* Exercise aim *
Copy the data below exactly, but not the pictures it contains.

* Information provided *
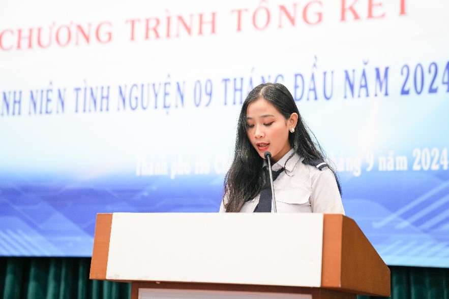 Đại diện đoàn viên Học viện hàng không Việt Nam chia sẻ cảm nghĩ khi tham gia hoạt động TNTN tại Cảng HKQT Tân Sơn Nhất.
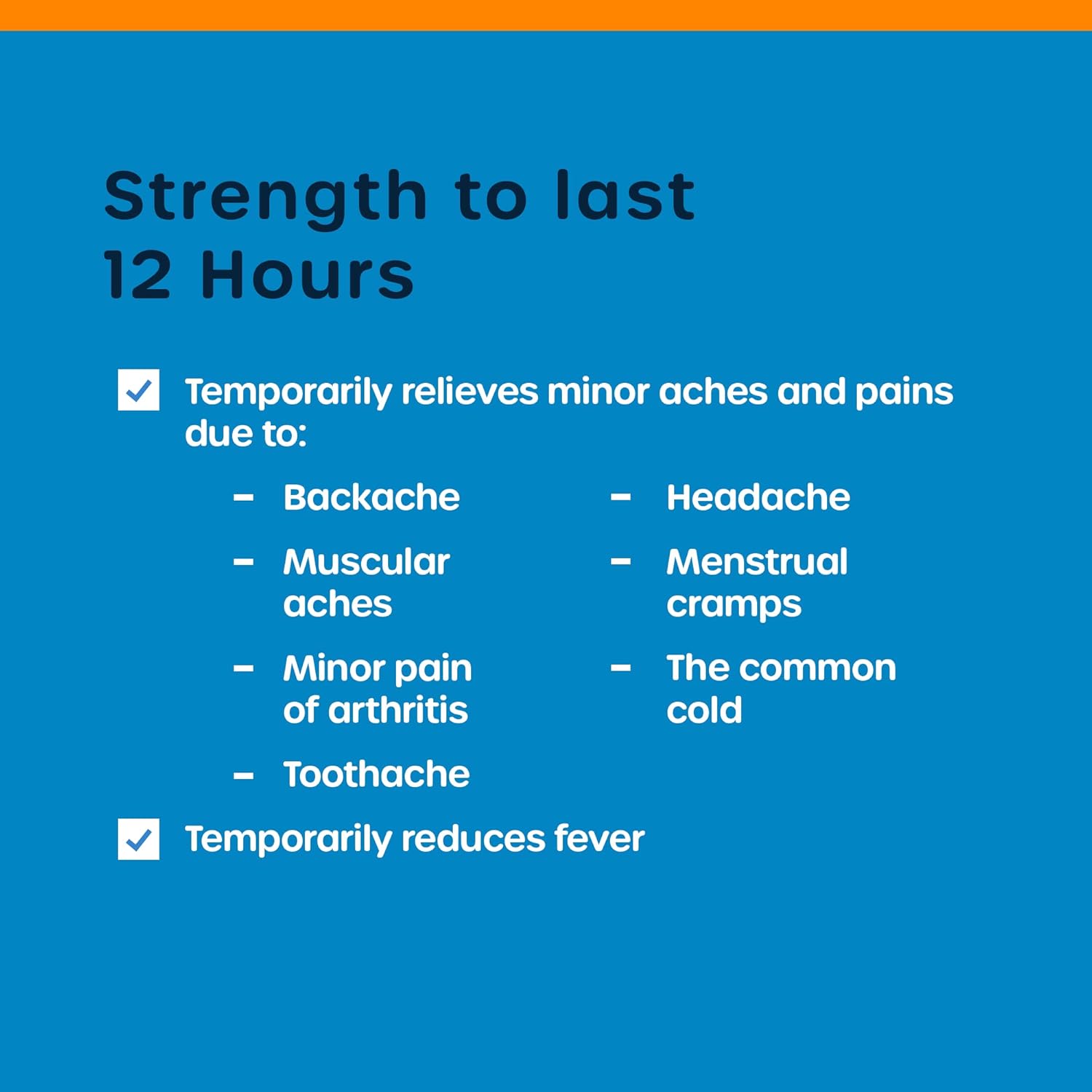 About this item Naproxen Sodium caplets temporarily relieve minor aches and pains due to: backache, muscular aches, minor pain of arthritis, menstrual cramps, headache, toothache, the common cold; also temporarily reduces fever cramps, headache, toothache, the common cold; also temporarily reduces fever Comparable to the national brand: Has the same active ingredient as Aleve Back and Muscle Pain Caplets* Effective pain and fever relief for up to 12 hours See package label for warnings, directions and other important information; use only as directed HSA or FSA Eligible See more product details,Naproxen Sodium caplets temporarily relieve minor aches and pains due to: backache, muscular aches, minor pain of arthritis, menstrual cramps, headache, toothache, the common cold; also temporarily reduces fever cramps, headache, toothache, the common cold; also temporarily reduces fever,Comparable to the national brand: Has the same active ingredient as Aleve Back and Muscle Pain Caplets,Effective pain and fever relief for up to 12 hours,See package label for warnings, directions and other important information; use only as directed,HSA or FSA Eligible
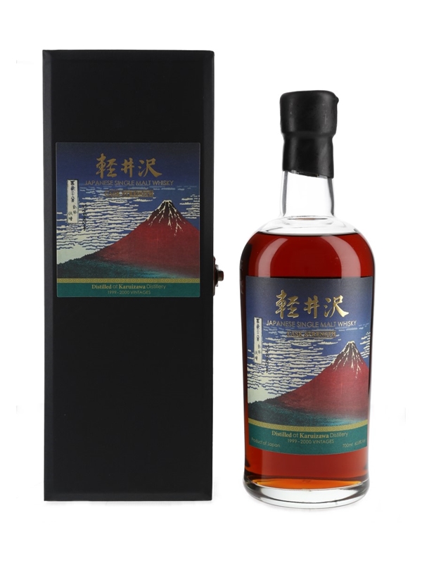 A bottle of Karuizawa from the 36 Views of Mount Fuji series. Each bottle in this series was produced from Karuizawa's final two vintages, 1999 and 2000, and are bottled at cask strength.

* Answer space *
 Đại diện đoàn viên Học viện hàng không Việt Nam chia sẻ cảm nghĩ khi tham gia hoạt động TNTN tại Cảng HKQT Tân Sơn Nhất.
 About this item Naproxen Sodium caplets temporarily relieve minor aches and pains due to: backache, muscular aches, minor pain of arthritis, menstrual cramps, headache, toothache, the common cold; also temporarily reduces fever cramps, headache, toothache, the common cold; also temporarily reduces fever Comparable to the national brand: Has the same active ingredient as Aleve Back and Muscle Pain Caplets* Effective pain and fever relief for up to 12 hours See package label for warnings, directions and other important information; use only as directed HSA or FSA Eligible See more product details,Naproxen Sodium caplets temporarily relieve minor aches and pains due to: backache, muscular aches, minor pain of arthritis, menstrual cramps, headache, toothache, the common cold; also temporarily reduces fever cramps, headache, toothache, the common cold; also temporarily reduces fever,Comparable to the national brand: Has the same active ingredient as Aleve Back and Muscle Pain Caplets,Effective pain and fever relief for up to 12 hours,See package label for warnings, directions and other important information; use only as directed,HSA or FSA Eligible
 A bottle of Karuizawa from the 36 Views of Mount Fuji series. Each bottle in this series was produced from Karuizawa's final two vintages, 1999 and 2000, and are bottled at cask strength.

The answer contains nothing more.